In ‘From being precious to precious being’ Frank deftly examines some very large, and not very easy to understand issues such as why we as humans seem to have created a fixation on treating ourselves as ‘precious’ (as epitomized by the Volvo style car with so many protective measures) yet we do not have many ways to socially understand why we need the protective measures in the first place (the inherent danger to one another of driving). In Frank’s words:

 Being precious … involves developing and maintaining special conditions which set one apart … [it] is a necessary consequence of seeing ourselves as separate from nature and requiring protection from it.

Cars provide a good illustrative example of this throughout the book, but many other examples are used: stamp collecting, books, waste management, and even the raising of children. In all these examples Frank is illustrating that there are so many aspects of our lives which give us ‘security’ in a purchase-able, consumable package (such as mobile phones, insurance, or roadside assistance for cars), but only in a very limited (an ultimately irrelevant) way. Instead, Frank posits the value of what I would call ‘softer’ networks of relationships and ties with nature that let us understand and enjoy the environment in which we live, rather than needing to be protected from it.

Energy has long been a strong professional focus of Frank Fisher’s work, and the pieces in Response Ability dealing with energy and energy–environment issues reflect this professional experience very readably. Important questions addressing conservation and renewable energy, solar energy and environmental impacts are presented. For example, in ‘Liberating Energy’ Frank discusses a very subtle, yet powerful approach to understanding our relationship with energy use, the environment, and our sense of ‘security’ in the modern urban context. Frank uses a personal experience of his when the Victorian electricity authority proposed to build a powerful overhead transmission line for reasons of energy supply security to the CBD. Not surprisingly, many people opposed the line on aesthetic reasons and fear of electromagnetic radiation.
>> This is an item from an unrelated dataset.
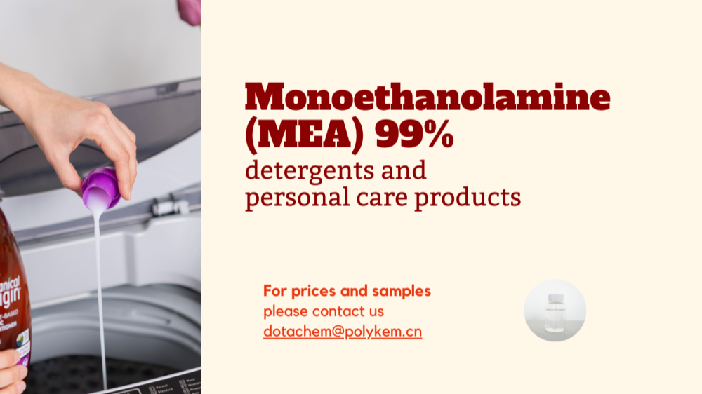 ICuir isteach ar, comhlíonann an monoethanolamine ardcháilíochta 99% a chuirimid ar fáil riachtanais dhiana na dtionscal glantach agus cúraim phearsanta. Le haghaidh tuilleadh eolais faoinár dtáirgí MEA agus a gcuid sonraíochtaí, cliceáil le do thoilan áit seoChun cuairt a thabhairt ar an leathanach táirge. Má tá aon cheist agat, má tá samplaí uait nó más mian leat do chuid riachtanas sonrach a phlé, déan teagmháil linn ag dotAchem@polykem.cn. Tá ár bhfoireann saineolaithe réidh i gcónaí chun cabhrú leat agus na réitigh is fearr a sholáthar do do riachtanais ghnó.
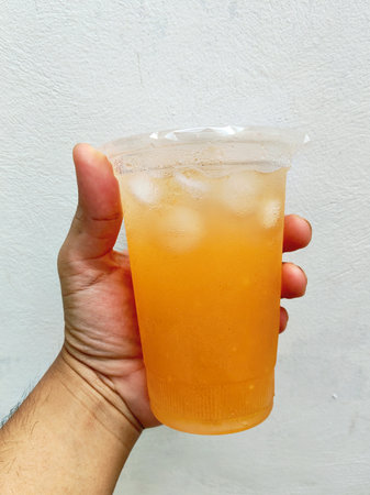 A hand holds a clear plastic cup of iced orange juice, a refreshing and cool drink for a hot summer day, against a white background.

However, Frank (on behalf of a community health centre) opposed the line because for security reasons the line should not be built at all – his grounds being that not building the line would give the opportunity to learn to live with blackouts (which are a risk no matter how powerful the line) and in turn, as a community, develop social mechanisms to recognise and deal with reliance on the grid.
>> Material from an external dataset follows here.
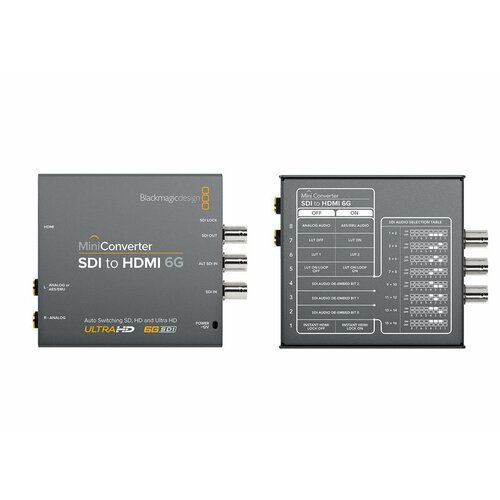 Blackmagic Mini Converter - SDI to HDMI 6G обеспечивает передачу сигналов SD, HD, 3G (Level A или Level B) и 6G-SDI на HDMI-оборудование при работе с SD-, HD- и Ultra HD-форматами. Это позволяет пользователям легко и быстро подключать свои устройства к различным мониторам, проекторам и другим устройствам отображения.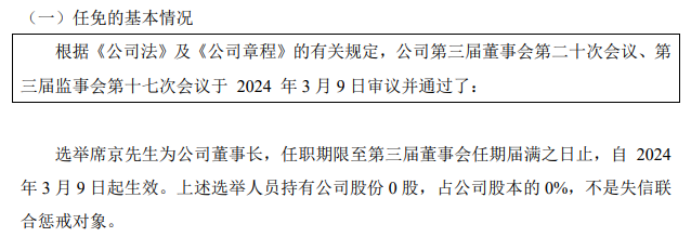 挖贝网3月11日,大唐融合(833035)发公告称,根据《公司法》及《公司章程》的有关规定,公司第三届董事会第二十次会议、第三届监事会第十七次会议于2024年3月9日审议并通过了:选举席京为公司董事长,聘任孙绍利为公司总经理,聘任张思炜为公司财务负责人,任职期限至第三届董事会任期届满之日止,自2024年3月9日起生效。聘任徐军为公司常务副总经理(协助总经理负责公司日常经营工作),任职期限至第三届董...

Speaking from over forty years’ experience, Frank’s writings on the chronically ill in the modern urban context are invaluable, and carry meaning which is hard to imagine anyone would not be better off with. With little space to do justice in this article, the titles of some of these writings indicate the variety and value; ‘the silent majority’ (the non-visibly disabled – chronic disease sufferers and a wide and significant variety of institutional and social discrimination), ‘The social genius of the chronically ill’ (in which we learn of the myriad ways chronic disease suffers live with, and manage such discriminations), and ‘A discriminating Act’ (a brief, terse piece outlining the discrimination explicit in the Federal Government’s 1992 Disability Discrimination Act).
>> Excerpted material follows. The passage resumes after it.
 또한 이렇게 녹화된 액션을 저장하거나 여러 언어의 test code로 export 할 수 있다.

At times this book is very academic, and a number of heavy intellectual concepts are used with little warming up or context. Nevertheless the nexus of issues of sustainability, health, public policy, local and personal activism is a rare find, and combined with Frank’s subtle, but infectious determination to see the meeting of many of these challenges as fun, as a journey, and as a reward in and of itself, make this a remarkable book which can be re-read, or read in an ad-hoc style.